What do you mean by “the matching requirement”? You just wrote that batches are “independently chosen”, so I understood that there is no matching requirement.

page 5: the cuts in (7) and (8) are applied at detector level: in figure 4, the corresponding original parton-level distribution correspond to this acceptance at detector level. Even if it is interesting to check if GAN-inverted distributions reproduce the parton-level ones, from a practical point of vue it would be more useful to unfold measurements to a well defined phase space at parton-level, i.e. a fiducial region for the measurement. Maybe it is a different problem and requires a different approach, but have you considered it?

page 6: “a classification network could be improved through a variational feature in latent space”: can you add a reference? “a standard solution”: why “standard”?

page 7, eq. (9): “P_T” has not been defined. Should it be “P_p”?

page 7: “we do not build a conditional MMD loss”: does it mean that MMD is unchanged with respect to section 2 GAN or that it is not used (and then should be removed from figure 5)?

page 8: what does it mean “at the 90% level”? do you mean that differences are < 10%?

page 10: “the MMD loss is is not actually conditional”: remove an “is”.

page 10: “the standard implementations are somewhat inefficient”: can you give a reference for the “standard implementations”?

page 14: “implementations of such a the kernel”: remove “the”

page 15, first line: “A subtlety is is that”: remove an “is”

page 15: can you clarify better, with an example, what does it mean: “we augment the batches of true and generated invariant masses with one of conditional invariant masses, computed from the same detector information used to condition the generator and the discriminator”?

page 17: in ref 22 there is a mis-typing.

Best regards

validity: -
significance: -
originality: -
clarity: -
formatting: -
grammar: -

Author: Ramon Winterhalder on 2020-03-19 [id 769]

(in reply to Report 2 on 2020-02-05)

Category:

answer to question

reply to objection

1) page 2, just before (1): in “(1.FCGAN)” remove “1.”

-> Done.

2) page 2, last line: “external masses”: what is the meaning of “external” here?

-> Now specified.

3) page 3: Just before eq. (5) you write, about MMD you write “It allows us to compare pre-defined distributions, for instance the one-dimensional invariant mass of an intermediate particle”. So, the variables x and y in eq. (5) are masses or they can be anything? And if they can be anything, which ones did you choose? I think an example here would be useful. Maybe I am confused by the choice to use Gaussian or Breit-Wigner kernel functions, which made me think of a resonance. But the MMD is a general statistical test and therefore can be applied to anything, if I understood it correctly. Some further clarifications here would be very useful.

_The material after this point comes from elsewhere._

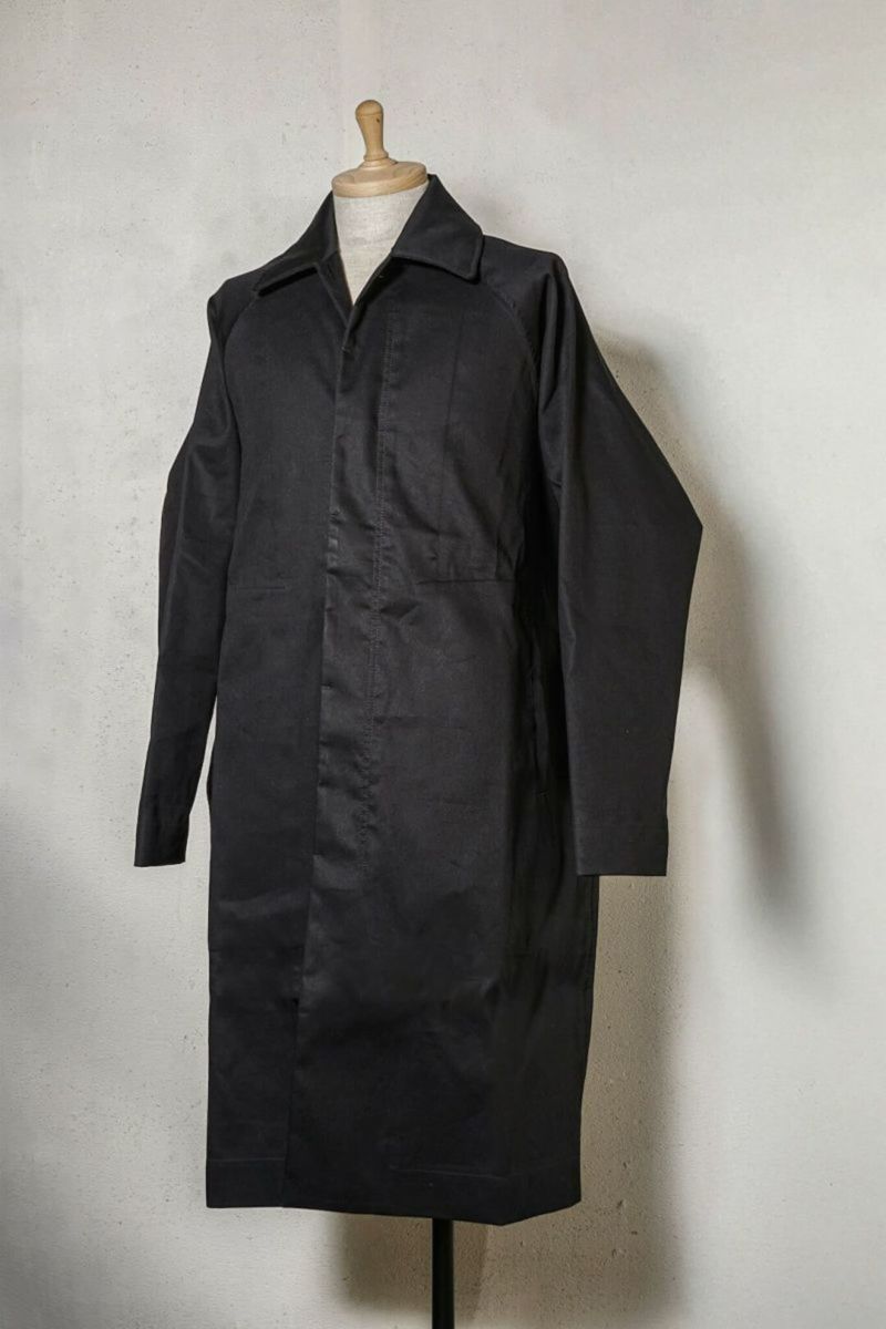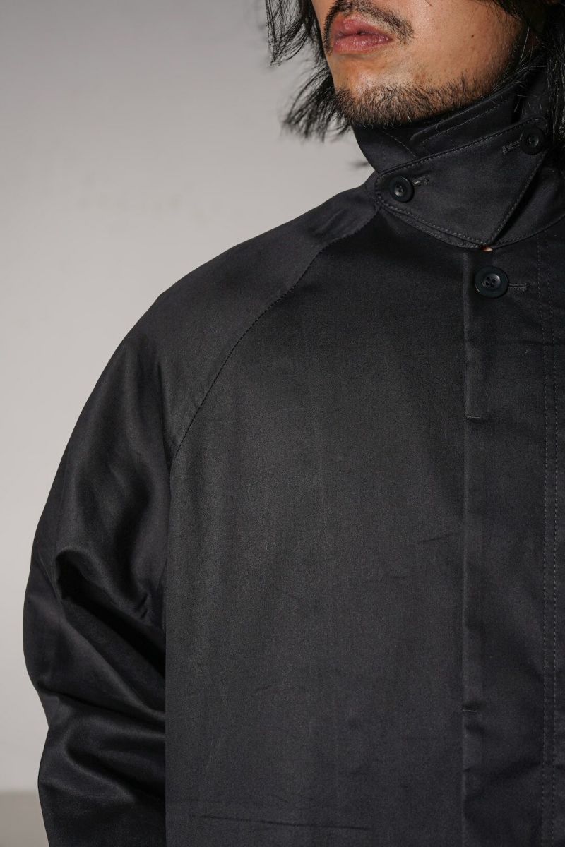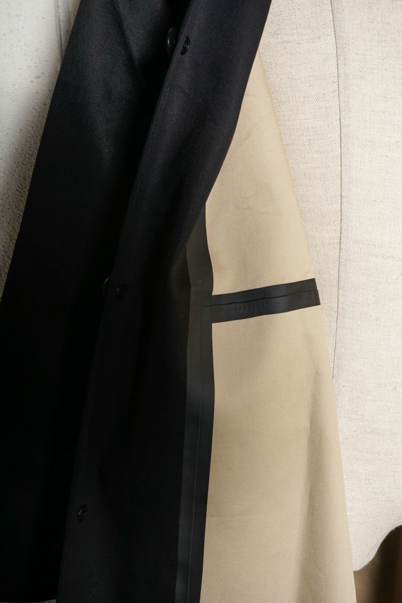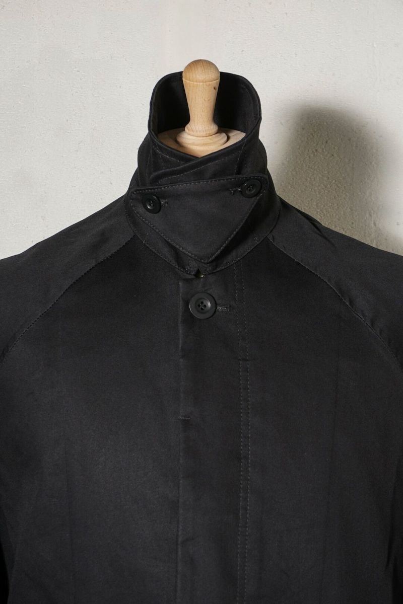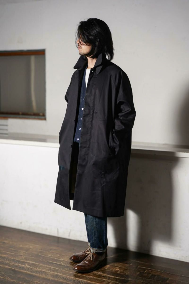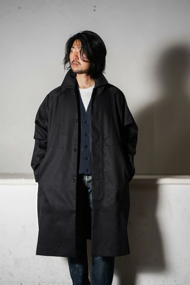 天然の撥水性を備えた高密度コットンキャンバスを使用したマックコート。ラグリンスリーブ、リラックスしたドレープ感、比翼仕立てのフロント仕様のスタイリッシュな1着です。裏地はありませんが、縫い目にはシームテープが配されており、軽量ながら保温性、撥水性に優れています。コットンキャンバスならではのエイジングも楽しみなコートです。
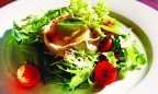 Салат с теплым запеченным сыром бюш, зеленью, томатами черри и анчоусовым соусом (180 г, 119 грн) тоже яркий и сытный. Маринованные филе анчоусов заменяют соль. Сыр придает блюду плотность и основательность, а томаты и руккола освежают вкус.

-> A detailed discussion about the MMD in our GAN setup is available as 1907.03764, we now mention this in a footnote.

4) page 4: why \lambda_D << \lambda_G? Is there a clear motivation?

-> These are just tunable hyper-parameters, and the values just chosen by optimization.

5) page 4: which MC parton shower did you use with Madgraph5?

-> We used Pythia8, with the standard Pythia8 card but with inital-state radiation turned off, as now specified in the text.

6) page 4: “statistically independent, but otherwise identical sets of detector-level events” means an independent sample drawn from the same population of the one used for the training? If that is the case, I think the sentence is not very clear. I could understand it only after I reached the point where the unfolding is applied to a sample with different acceptance cuts.

-> We now define them as `statistically independent, but simulation-wise identical', to make it more clear.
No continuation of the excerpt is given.